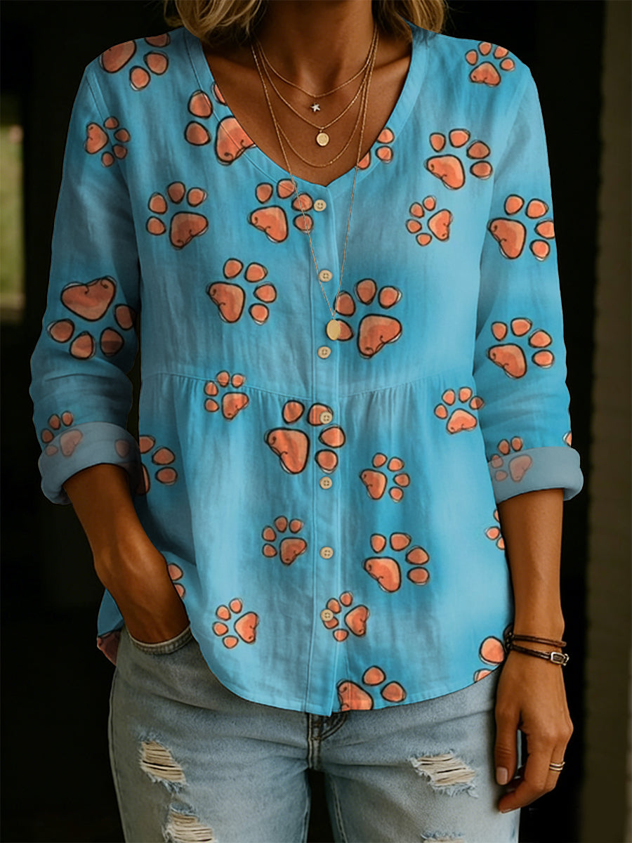 Women's Fun And Cute Dog Paw Print Decorative Patterns Linen And Cotton Shirt
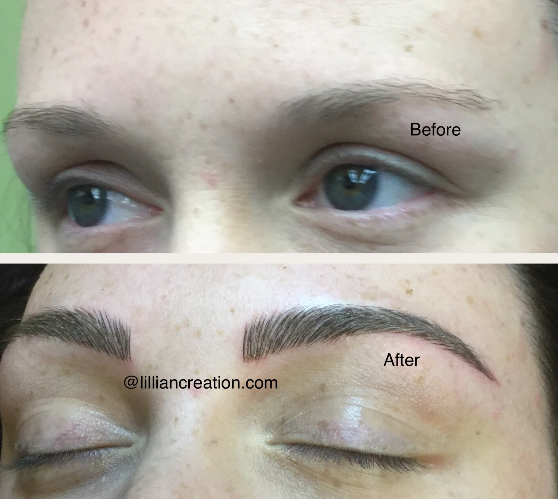 Eyebrows MicroBlading is semi-permanent with the technique using a fine blades hand tool. The more general created feather eyebrows tattooing, 3D browns, 6D effect etc. with the MicroBlading technique more natural look is achieved it aims to simulate hair strokes rather than a full shaded. The results natural and shaped fuller looking browns. Who have over plucked or sparse eyebrows hair growth can benefit greatly from eyebrows MicroBlading.
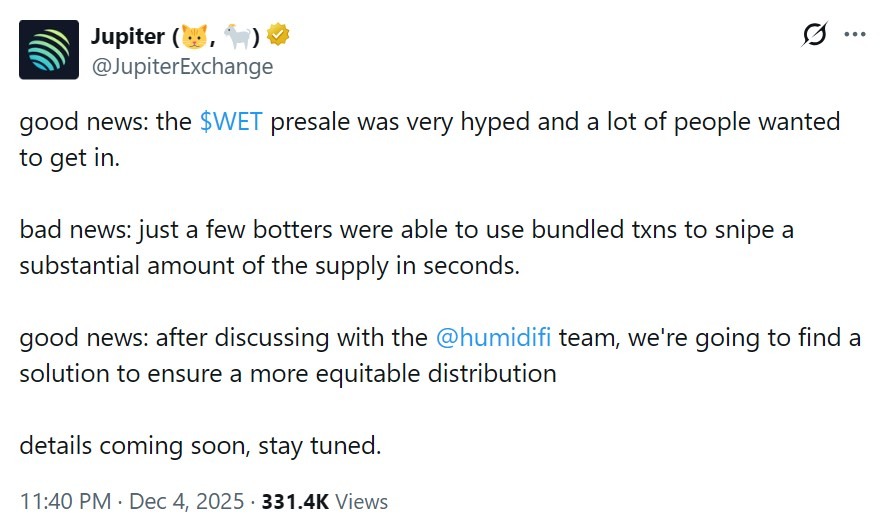 “Ми створюємо новий токен. Усі покупці Wetlist і стекерів JUP отримають пропорційний еірдроп. Снайпер не отримує лайна”, – написав HumidiFi. «У понеділок ми проведемо новий публічний продаж».
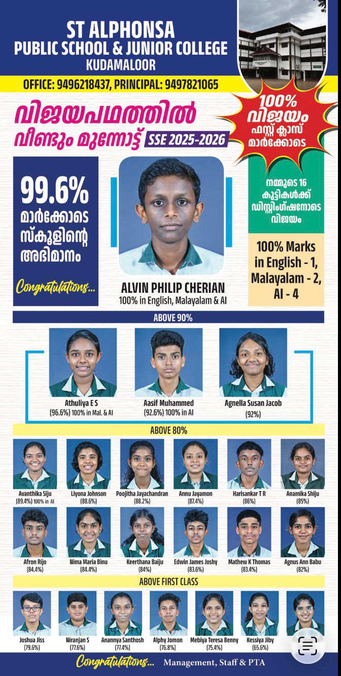 St Alphonsa Public School & Junior College, Kudamaloor, nurtures academic excellence and moral integrity, shaping future leaders with a strong foundation in knowledge, discipline, and holistic development.
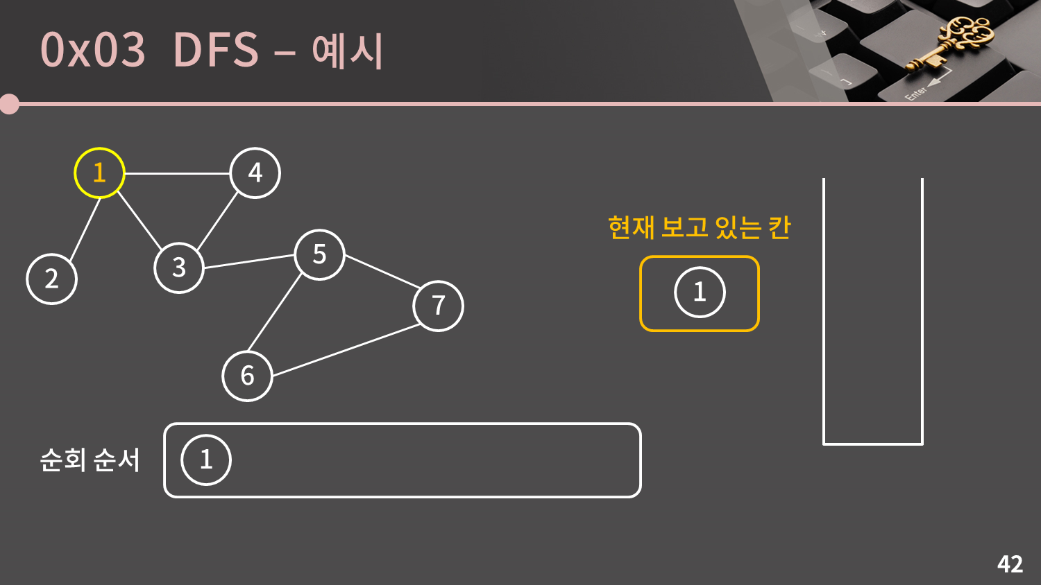스택가 비어있지 않으므로 스택의 top인 1번 정점을 꺼냅니다.
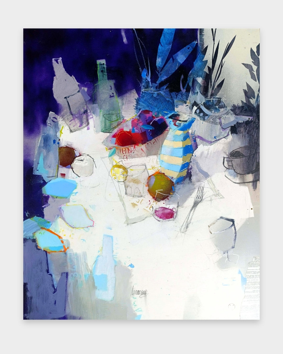 Noches de verano evokes the quiet warmth and gentle stillness of Mediterranean evenings. Through his use of mixed media, Alberto Márquez builds the composition with layered textures and subtle tonal transitions that give the scene depth and presence. The interplay of soft shadows and delicate highlights suggests the lingering light of a summer night, when everyday moments unfold slowly around the table. With restrained yet expressive brushwork, Márquez captures an atmosphere of calm and intimacy, transforming a simple setting into a poetic reflection on light, season, and memory. ✨
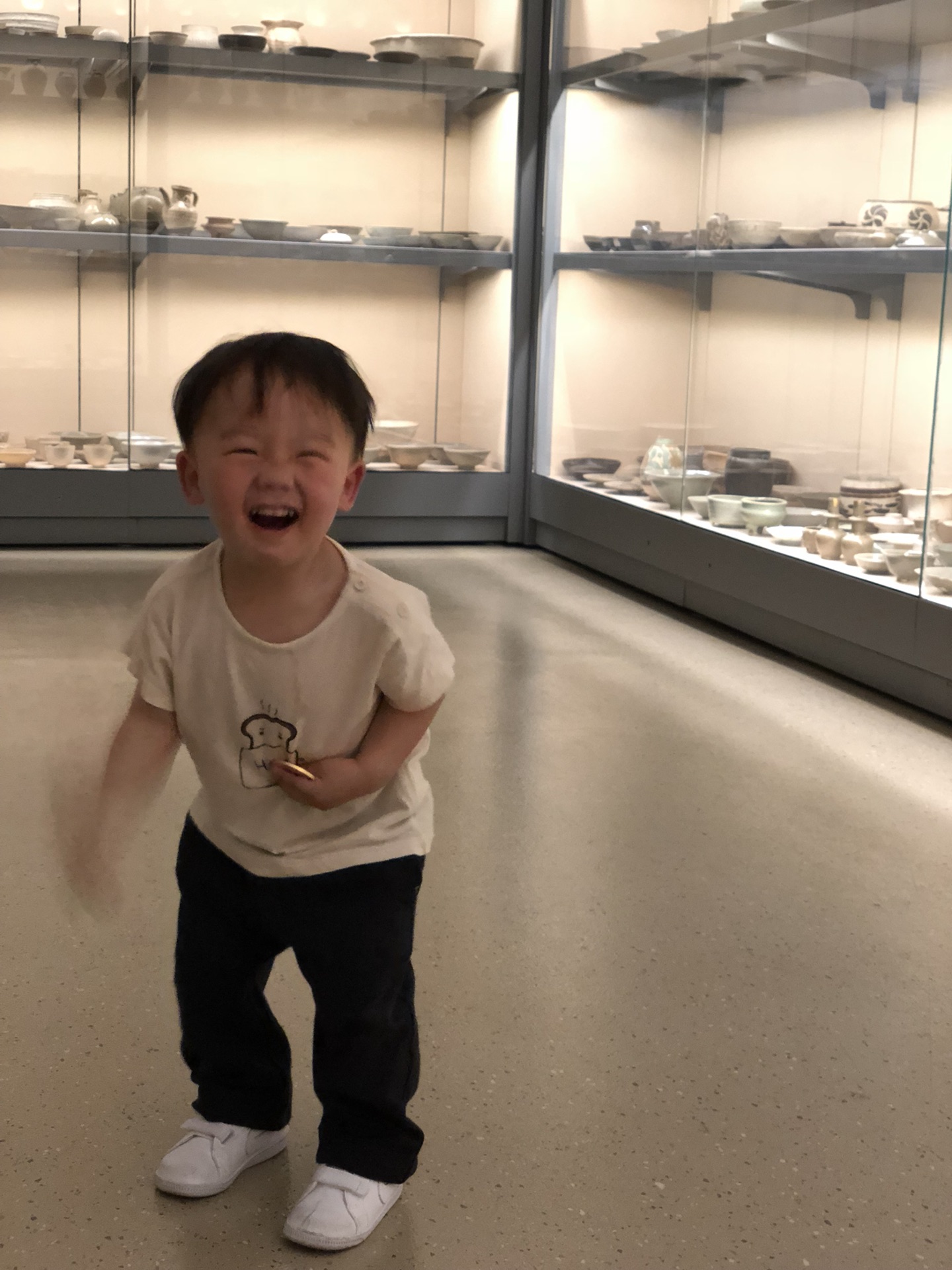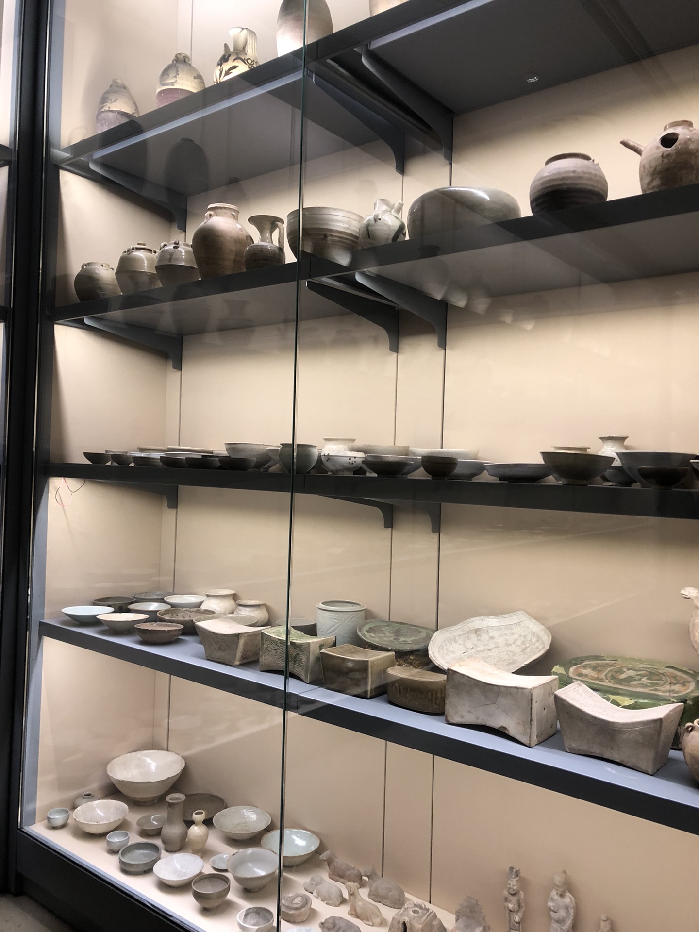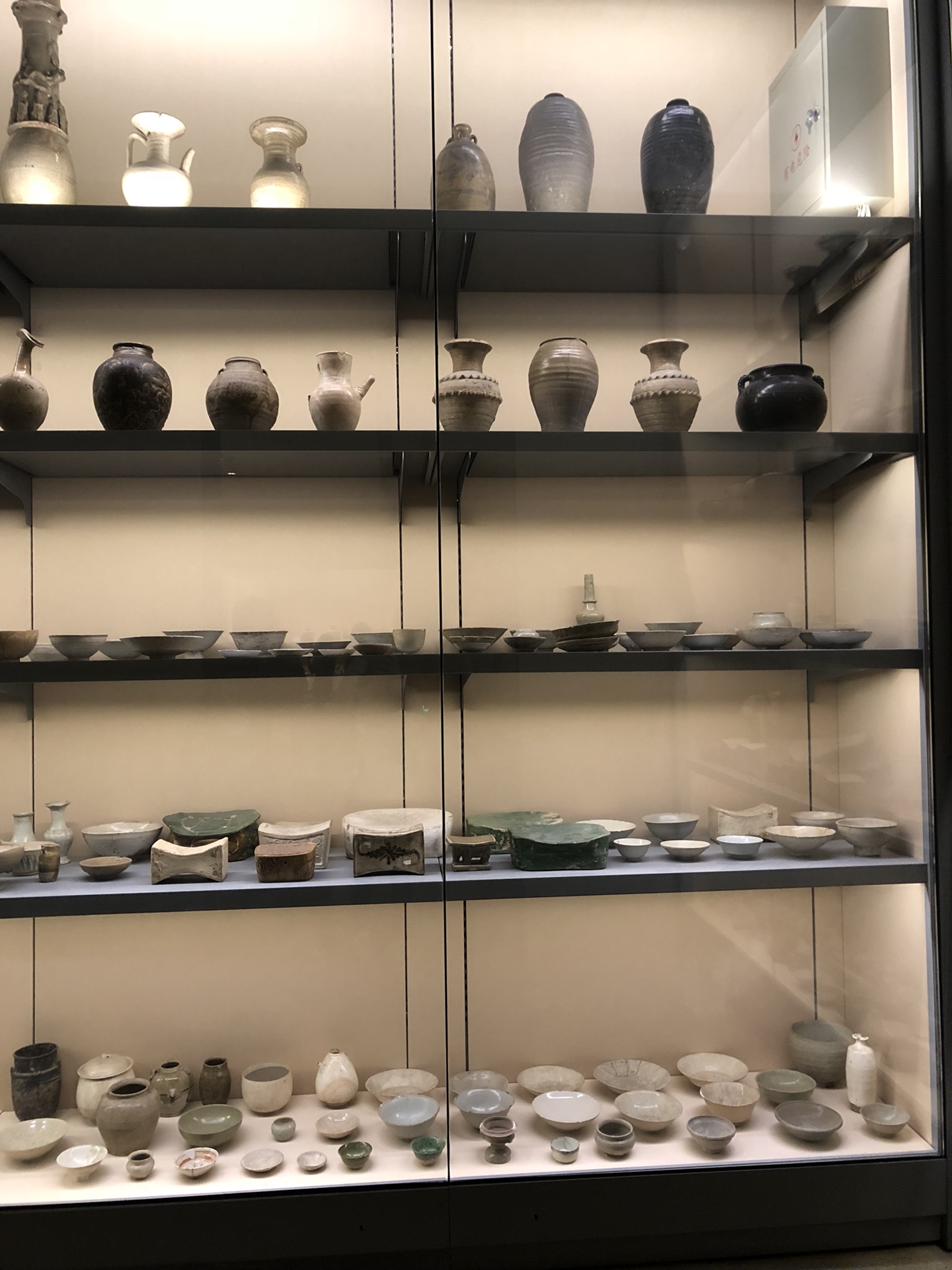 这个隔间因为没有什么出众的藏品,所以没有人。嘟向我介绍说,南京博物馆就是豪就豪在,别的博物馆只有一两件的藏品,他们跟卖瓷器的似的有一大柜子。

_ _ _ _ _

HOW TO COMPLETE THIS TASK =
Although the records contain pictures, the copy should hold only their text, reproduced exactly.

RESULT OF THE TASK =
 Women's Fun And Cute Dog Paw Print Decorative Patterns Linen And Cotton Shirt
 Eyebrows MicroBlading is semi-permanent with the technique using a fine blades hand tool. The more general created feather eyebrows tattooing, 3D browns, 6D effect etc. with the MicroBlading technique more natural look is achieved it aims to simulate hair strokes rather than a full shaded. The results natural and shaped fuller looking browns. Who have over plucked or sparse eyebrows hair growth can benefit greatly from eyebrows MicroBlading.
 “Ми створюємо новий токен. Усі покупці Wetlist і стекерів JUP отримають пропорційний еірдроп. Снайпер не отримує лайна”, – написав HumidiFi. «У понеділок ми проведемо новий публічний продаж».
 St Alphonsa Public School & Junior College, Kudamaloor, nurtures academic excellence and moral integrity, shaping future leaders with a strong foundation in knowledge, discipline, and holistic development.
스택가 비어있지 않으므로 스택의 top인 1번 정점을 꺼냅니다.
 Noches de verano evokes the quiet warmth and gentle stillness of Mediterranean evenings. Through his use of mixed media, Alberto Márquez builds the composition with layered textures and subtle tonal transitions that give the scene depth and presence. The interplay of soft shadows and delicate highlights suggests the lingering light of a summer night, when everyday moments unfold slowly around the table. With restrained yet expressive brushwork, Márquez captures an atmosphere of calm and intimacy, transforming a simple setting into a poetic reflection on light, season, and memory. ✨
 这个隔间因为没有什么出众的藏品,所以没有人。嘟向我介绍说,南京博物馆就是豪就豪在,别的博物馆只有一两件的藏品,他们跟卖瓷器的似的有一大柜子。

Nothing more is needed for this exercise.